Search code examples
rubywatir

Watir scraping sequential elements : so simple, but no


This is so simple... I want to scrap some web page like that with watir (gem of ruby:)

<div class="Time">time1</div> 
<div class="Locus">locus1</div>
<div class="Locus">locus2</div>
<div class="Time">time2</div>
<div class="Locus">locus3</div>
<div class="Time">time3</div>
<div class="Locus">locus4</div>
<div class="Locus">locus5</div>
<div class="Locus">locus6</div>
<div class="Time">time4</div>
etc..

The result should be an array like that :

time1 locus1
time1 locus2
time2 locus3
time3 locus4
time3 locus5
time3 locus6
time4 xxx

All the divs are at the same level (not imbricated).
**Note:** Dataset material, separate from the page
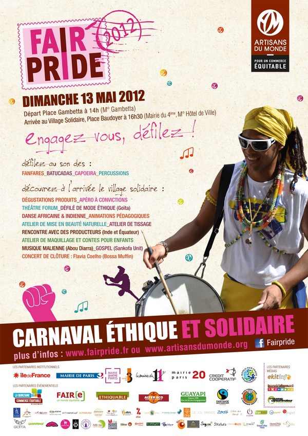 La Fédération Artisans du Monde, à l’initiative de l’évènement, orchestre cette seconde édition de la Fairpride, en partenariat avec une quarantaine de structures engagées dont 6 acteurs clés du Commerce Equitable : AlterEco, Ethiquable, Fair[e] un monde équitable, Guayapi, Max Havelaar et la Plate-Forme pour le Commerce Equitable.

No way to find the solution using the watir methods... Thx for your help


Solution

  • For each Locus element, you can retrieve the preceding Time element via the #preceding_sibling method:

    result = browser.divs(class: 'Locus').map do |div|
      time = div.preceding_sibling(class: 'Time').text
      locus = div.text
      "#{time} #{locus}"
    end
    p result
    #=> ["time1 locus1", "time1 locus2", "time2 locus3", "time3 locus4", "time3 locus5", "time3 locus6"]
    

    Note that if the list is long, you may want to retrieve the HTML via Watir but then do the parsing in Nokogiri. This would save a lot of execution time, but at the cost of readability.

    doc = Nokogiri::HTML.parse(browser.html) # where `browser` is the usual Watir::Browser
    result = doc.css('.Locus').map do |div|
      time = div.at('./preceding-sibling::div[@class="Time"]').text
      locus = div.text
      "#{time} #{locus}"
    end
    p result
    #=> ["time1 locus1", "time1 locus2", "time1 locus3", "time1 locus4", "time1 locus5", "time1 locus6"]